Omit the pictures, then reproduce exactly the line bearing "A colorful contemporary" and every line after it up to and including the last line of the entries below.

↓

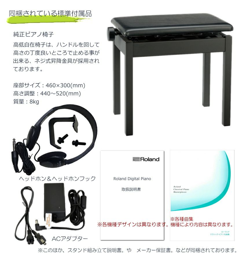 ローランド純正のマット付きです。打鍵音や床に伝わる振動を軽減してくれます。
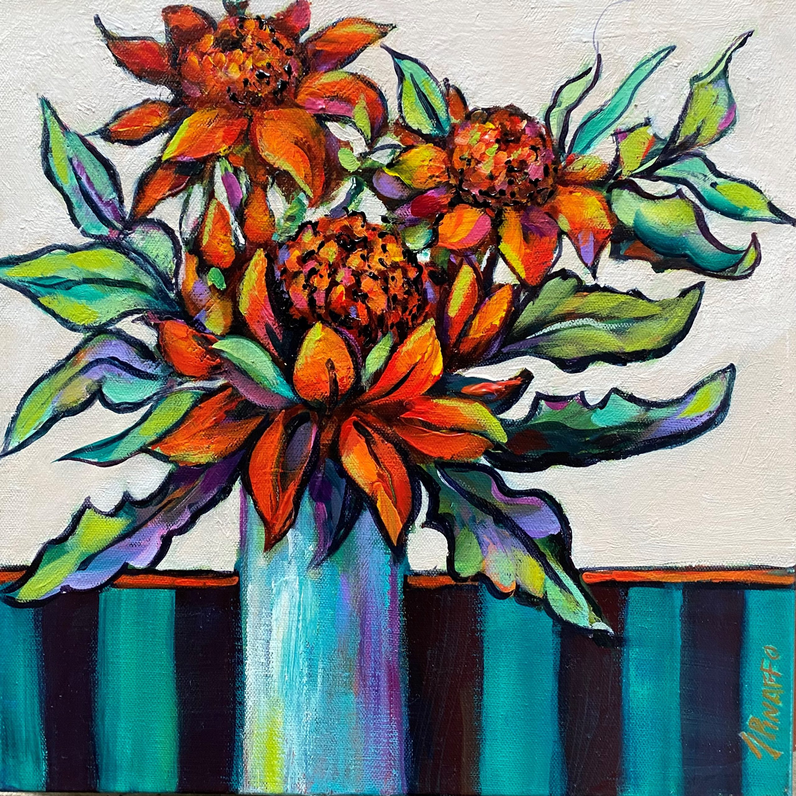 A colorful contemporary creation of red waratahs using my imagination and creativity.
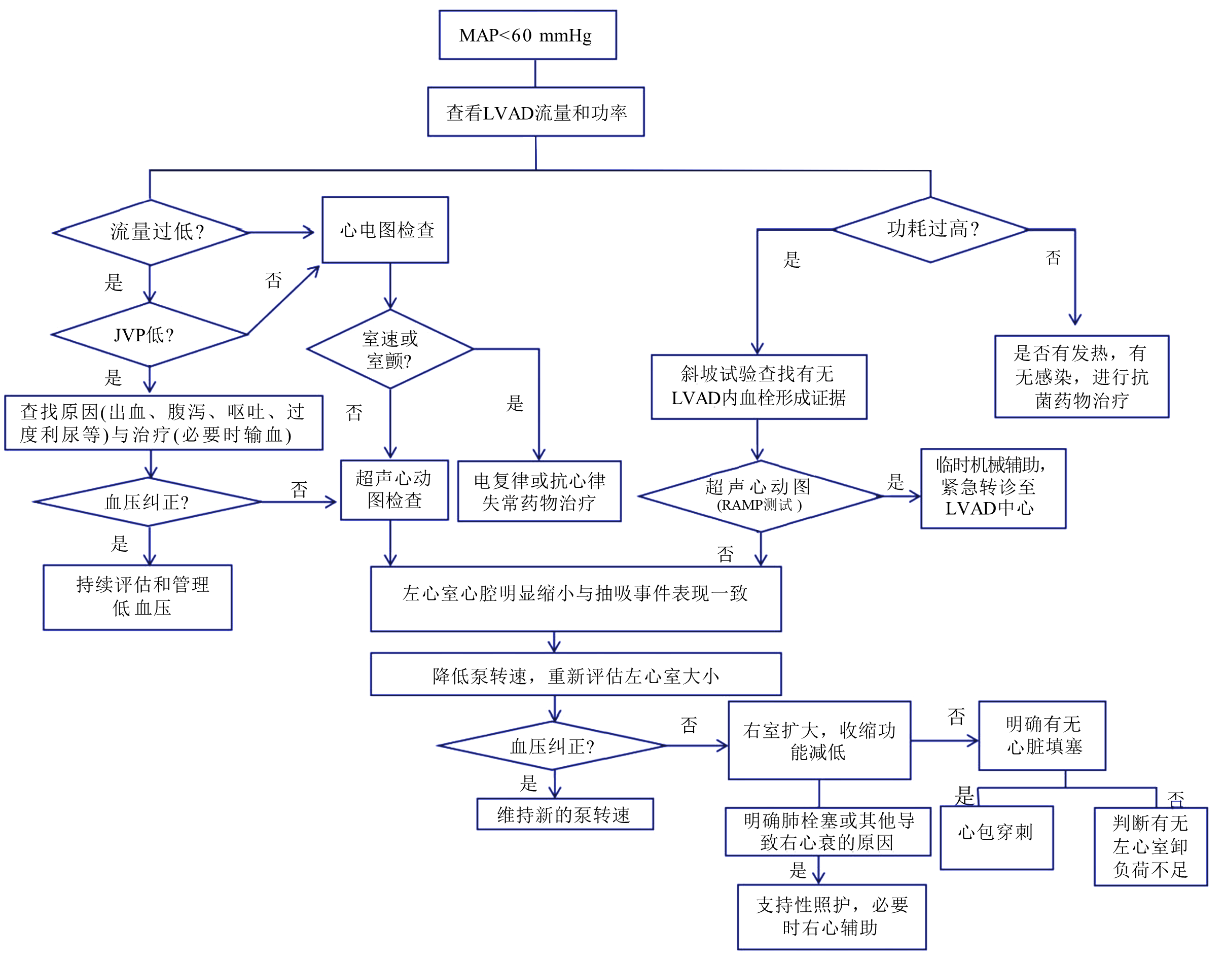 流量过低 可能原因有低血容量、右心衰竭、后负荷过大或泵血栓形成,与LVAD中心联系,查找原因处理,维持MAP在60~80 mmHg
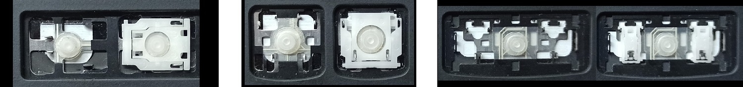- Bei den meisten Tastaturen, die von außen identisch aussehen, wurden unterschiedliche Arten von Scharnieren unter den Tasten verwendet.
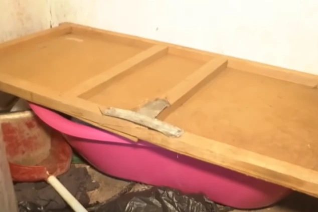 Telo devojčice je umotano u pelene i položeno u kadi u jednoj sobi koja je puna nameštaja.

↑

_YOUR RESPONSE_
 A colorful contemporary creation of red waratahs using my imagination and creativity.
 流量过低 可能原因有低血容量、右心衰竭、后负荷过大或泵血栓形成,与LVAD中心联系,查找原因处理,维持MAP在60~80 mmHg
- Bei den meisten Tastaturen, die von außen identisch aussehen, wurden unterschiedliche Arten von Scharnieren unter den Tasten verwendet.
 Telo devojčice je umotano u pelene i položeno u kadi u jednoj sobi koja je puna nameštaja.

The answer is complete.